Requestctl/Overview
This page is currently a draft. More information and discussion about changes to this draft on the talk page. |
This page explains the basic concepts behind how the requestctl tool manages configuration to control access and routing of web requests.
TODO: all references to commmands in this doc must link to the relevant entry in the command line reference.
Overview of http request control configuration
TODO: diagram?
etcd stores configuration that is:
- written/modified by conftool
- read from confd
- translated to VCL that gets loaded by varnish.
The configuration stored in etcd loads the following into the varnish configuration:
- The list of pooled ats backends to connect to in the same datacenter
- The list of IP ranges for every public cloud, in the form of a netmapper file
- A list of rate-limiting/ban rules for incoming traffic
How requestctl modifies configuration
requestctl modifies data that resides in the main Etcd cluster. Specifically the keys you'll modify are under /conftool/v1/request-{ipblock,action,pattern}s/
. requestctl enables you to manage the configuration for:
- IP ranges for every public cloud
- Rate-limiting/ban rules for incoming traffic.
Object model
To configure IP ranges and rate-limiting/ban rules, requestctl uses a custom schema that defines three types of objects:
- pattern objects describe specific patterns of an HTTP request.
- ipblock objects group specific IP ranges into logical groups.
- action objects describe an action to be performed on a request that matches specific combinations of patterns and ipblocks.

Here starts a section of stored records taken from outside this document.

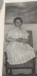
Dinner for two!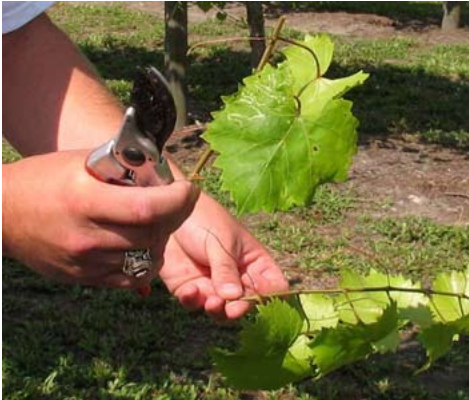
Figure 5. Discard the tender shoot tip.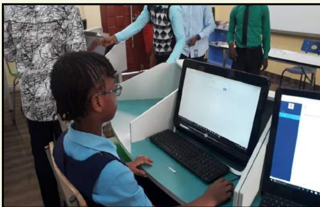
A YEAR 5 STUDENT USING THE E-VOTING SYSTEM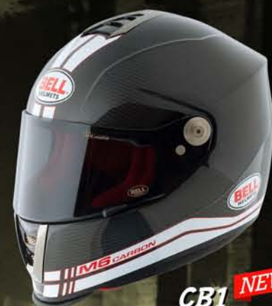
CB1 NEW CARBON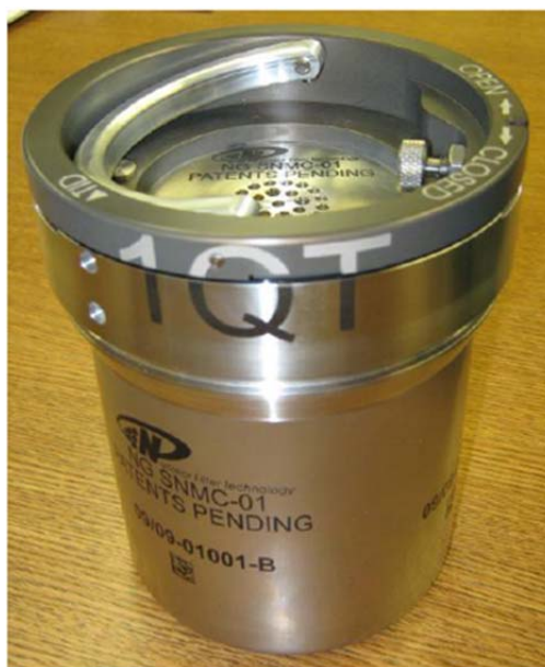
New Plutonium Storage Container

DOE personnel have been developing an update to the September 2009 DOE-wide plan and schedule for implementing the Manual.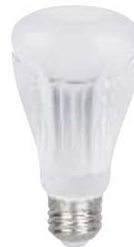
12W = 60W A19 OMNI 27K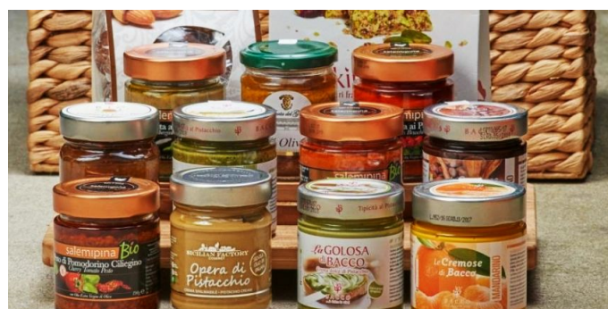
Original Sicily stocks a wide variety of regional dips, spreads and sauces for you to try at home.

Discover here the full range of delicious products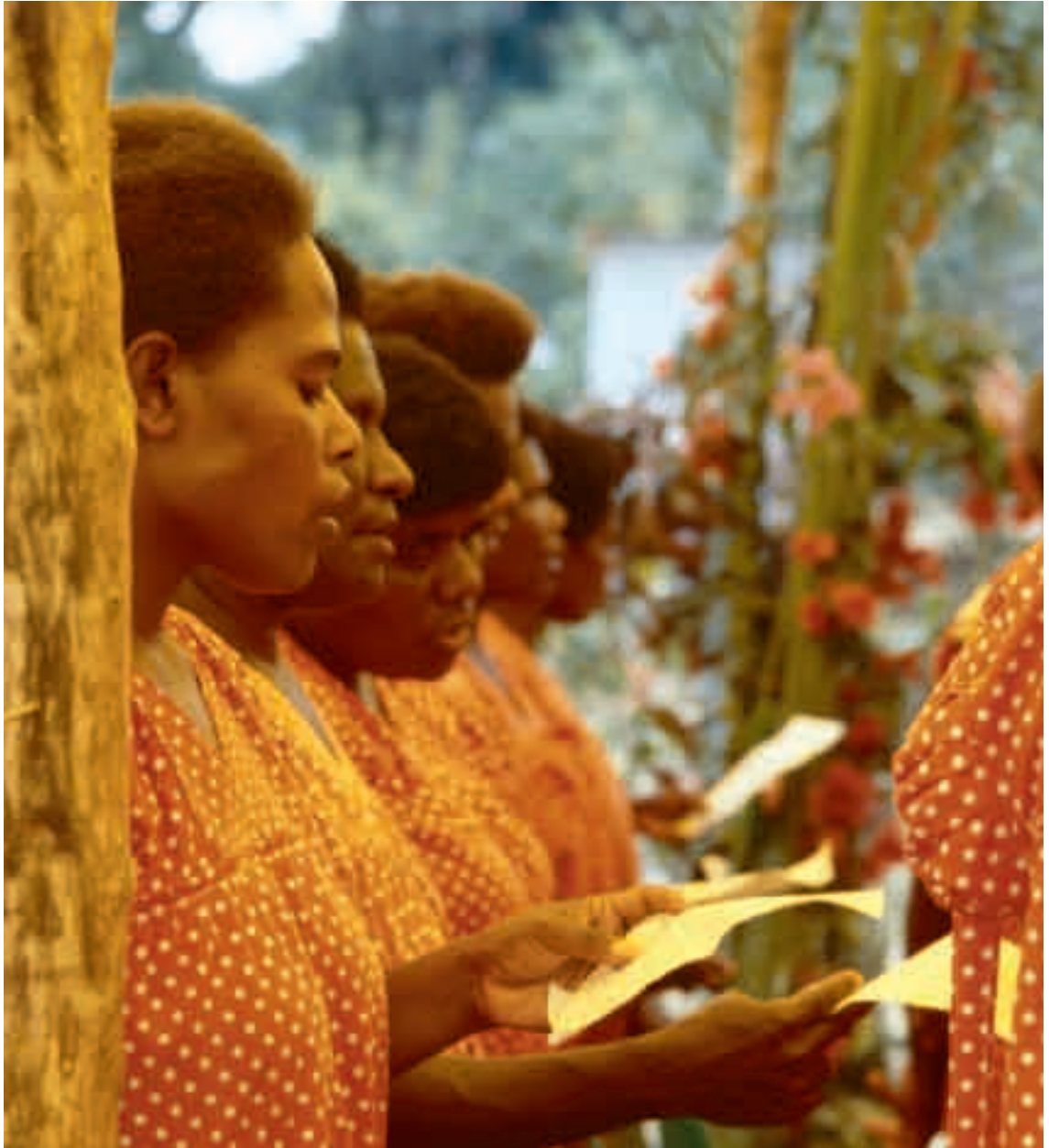
ABOVE Freshwind settlement choir, Vanuatu.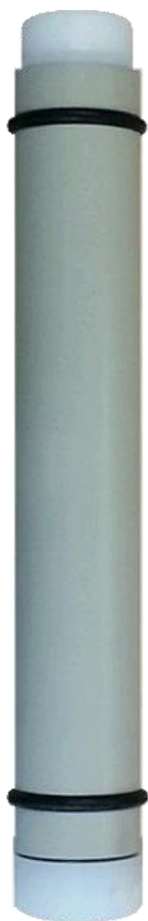
Acoustic logger (600 x 95mm)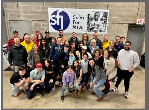
Thank you, Shorepoint Church!

Saturday, June 3rd, 9-11am Saturday, June 10th, 9-11am Monday, June 12th, 1:30-3:30pm Tuesday, June 13th, 6-8pm Wednesday, June 14th, 9-11am Saturday, June 17th, 9-11am Wednesday, June 21st, 1:30-3:30pm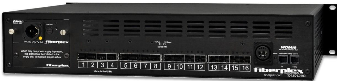
WDM16 Rear View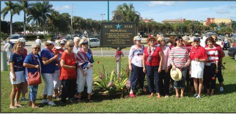
Donated the Blue Star Memorial Marker at Veterans Park.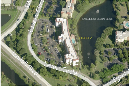
Built in 2000 - 64 units - 5 floors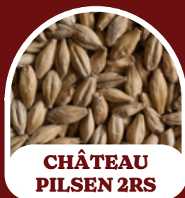
CHÂTEAU PILSEN 2RS

Colour °EBC: 2.1 - 3.2 Moisture (%): 4.5 max. Protein: 11.5 max. Extract (%): 81.5 min.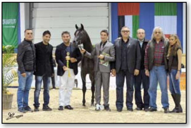
MAGIC MAGNIFIQUE (True Colours x Magic Mon Amour) 1 Pl. Colts 1 yr old B&O: Fontanella Magic Arabians/IT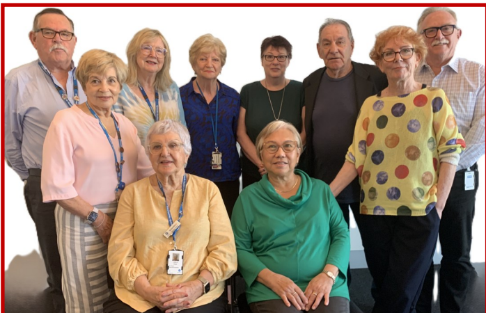
Heartbeat Epworth 2024-25 Committee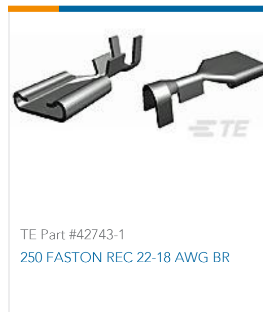
TE Part #42743-1 250 FASTON REC 22-18 AWG BR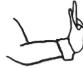
Figure 31. Gesture 20 (K2914 drawing by Monika Ciura).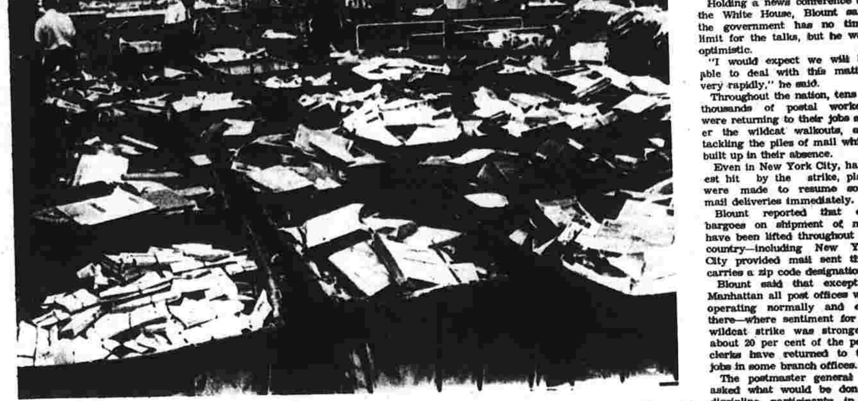
Third class and bulk mail which had piled up in Terminal Annex post office in downtown Los Angeles during the strike was among many such mountains of mail which began melting away today as workers returned.

WASHINGTON (AP)—Declaring that the postal system is "approaching normal," Postmaster General Winton M. Blount said today government and union negotiators are ready to proceed with the negotiations as scheduled in the afternoon.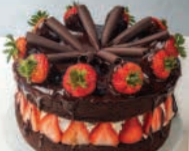
CHOCOLATE STRAWBERRY TRIFLE CAKE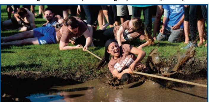
Annual Mud Tug-Of-War

mates together as a team and compete – they will have a great time and it will be a wonderful memory of their UIS experience.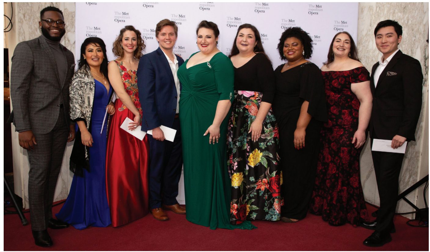
The 2020 National Council Finalists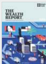
The Wealth Report 2016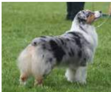
Yukon's great-great-granddaughter CKC BIS GCH Starwoods Exclusive Affair RE CD "Ziva." Born 2010. By AKC GCH Briarbrooks All Rights Reserved x CKC CH Starwoods Focus On A Dream RN.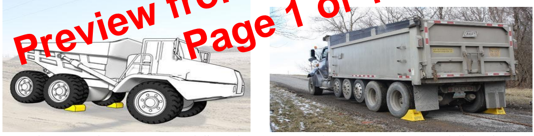
TRUCK IN DOWN HILL POSITION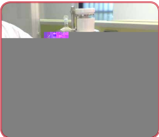
5) T A A S

Actions are what is enabled on varnish.
- haproxy_action objects are similar to
action
objects, but allow a different set of actions because of the capabilities of haproxy.
- haproxy_action objects are similar to
Pattern
Describe specific patterns of an HTTP request. A pattern object should be able to describe, with good flexibility, the large majority of the characteristics we want to match in a request.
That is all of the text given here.